Moving forward: Virginia’s dress shop gets new Kannapolis location on South Main Street
By Susan Shinn Turner
For the Salisbury Post
KANNAPOLIS — After 75 years in business in downtown Kannapolis — 33 of those years on West A Street — Virginia’s Dress Shop is moving.
“We will celebrate our 75th anniversary when we move into our new building,” says Melanie Davis Keziah, the shop’s owner.
The dress shop moved for the first time in 1985 to make way for Cannon Village, owned by California businessman David Murdoch, who later created the N.C. Research Campus.
“We did well because we weren’t an outlet store,” Keziah notes. “We had first-quality clothing. We purchased everything in Atlanta and New York. We didn’t have but two or three of an item. There are many facets to being a good buyer. You do not buy for yourself, but what certain customers would like.”
The ever-stylish Keziah learned the art of buying from her grandmother, the late Bea Davis, who opened the store in November 1942 with Lucy Dease, her silent partner. Dease and her sister also owned Epearle’s, another well-known dress shop of the era.

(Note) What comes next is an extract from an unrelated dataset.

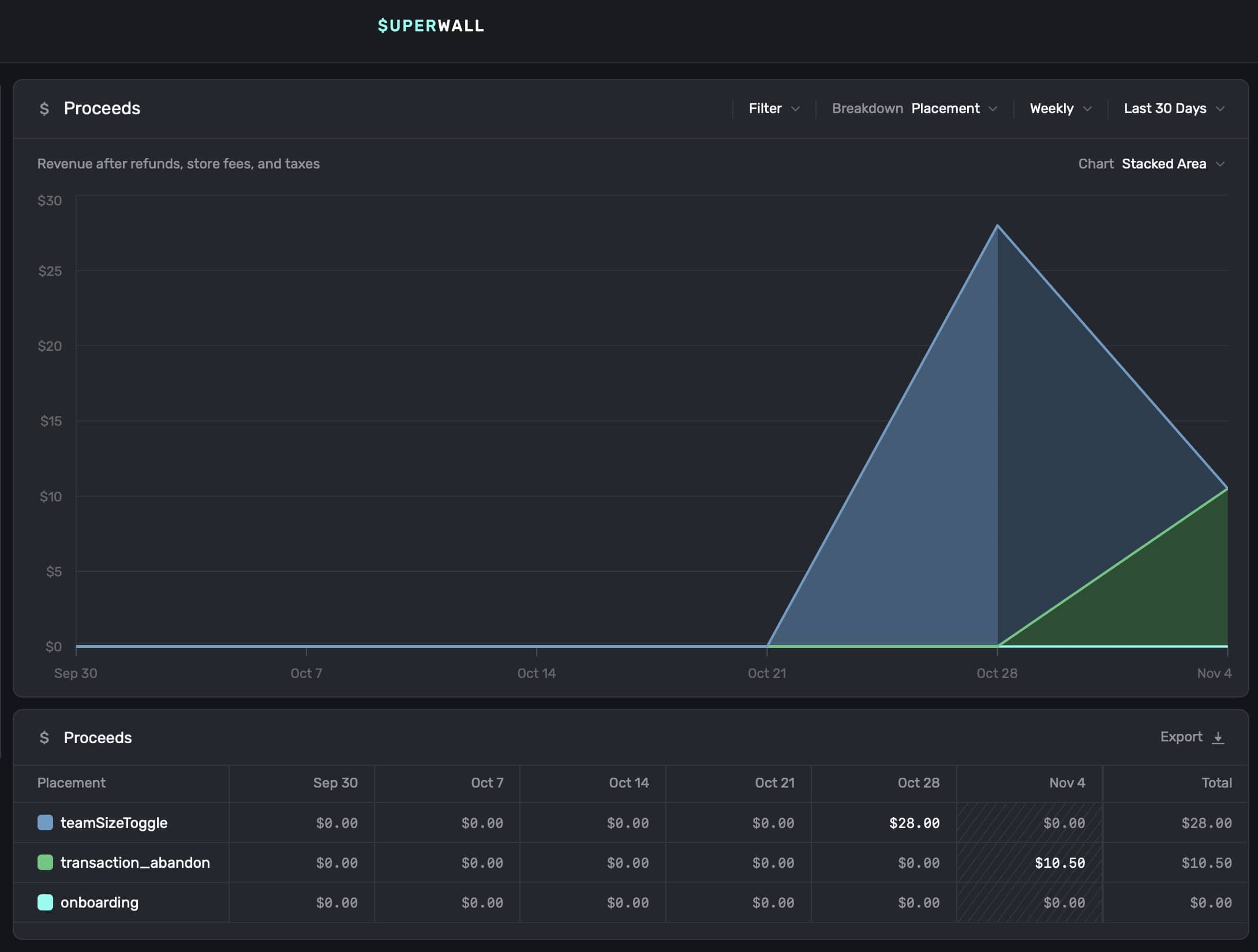 Breaking down a Proceeds chart by Placements is a powerful way to directly correlate features you make (or similar things you've paywalled) to your app's revenue growth.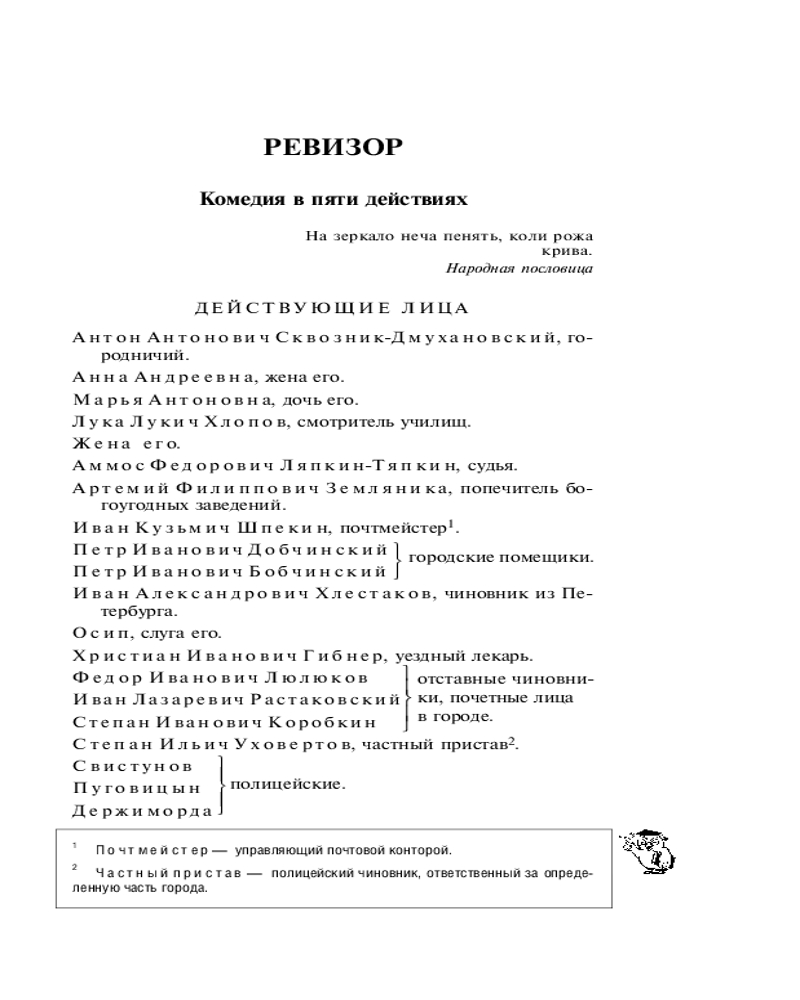 Комедия «Ревизор» рассказывает о жизни маленького провинциального городка и его обитателях, мирную жизнь которых однажды нарушила новость о приезде проверки из Петербурга. В персонажах пьесы автор заключил сатирическое изображение человеческих недостатков: трусости, лицемерия, алчности, показав, что проявление этих качеств никогда ни к чему хорошему не приводит.

Davis’ husband, Edgar, built many of the furnishings and millwork that remain to this day — and that will move to the new location.
The most recent move has been necessitated by the redevelopment of downtown Kannapolis. The street on which Virginia’s is now situated will be the entrance to the new baseball stadium. Keziah was told in December 2016 about the move. Keziah learned she’d need to change locations by October 2017, a date which was later extended. There was one problem, however. She did not care for the building the city offered to her. Driving through town, she wished that someone would tear down the empty yellow house beside Morton Dentistry on South Main Street and build something there.
Time passed, and she went to the Village Grill last March to pick up an egg salad sandwich for her grandson, Davis Petty. She mentioned to one of her customers about her predicament.
Sitting nearby was Rick Flowe, a city planner and owner of N-Focus on South Main Street. Flowe provides planning and other services to small towns across North Carolina.
“I had just finished with the architect on a design for a mixed-use building to house my office on the ground floor with apartments upstairs,” Flowe says. “I was having lunch at Village Grill, and I could hear Melanie and another lady talking about what was ahead. Melanie said, ‘I just don’t know what to do.’”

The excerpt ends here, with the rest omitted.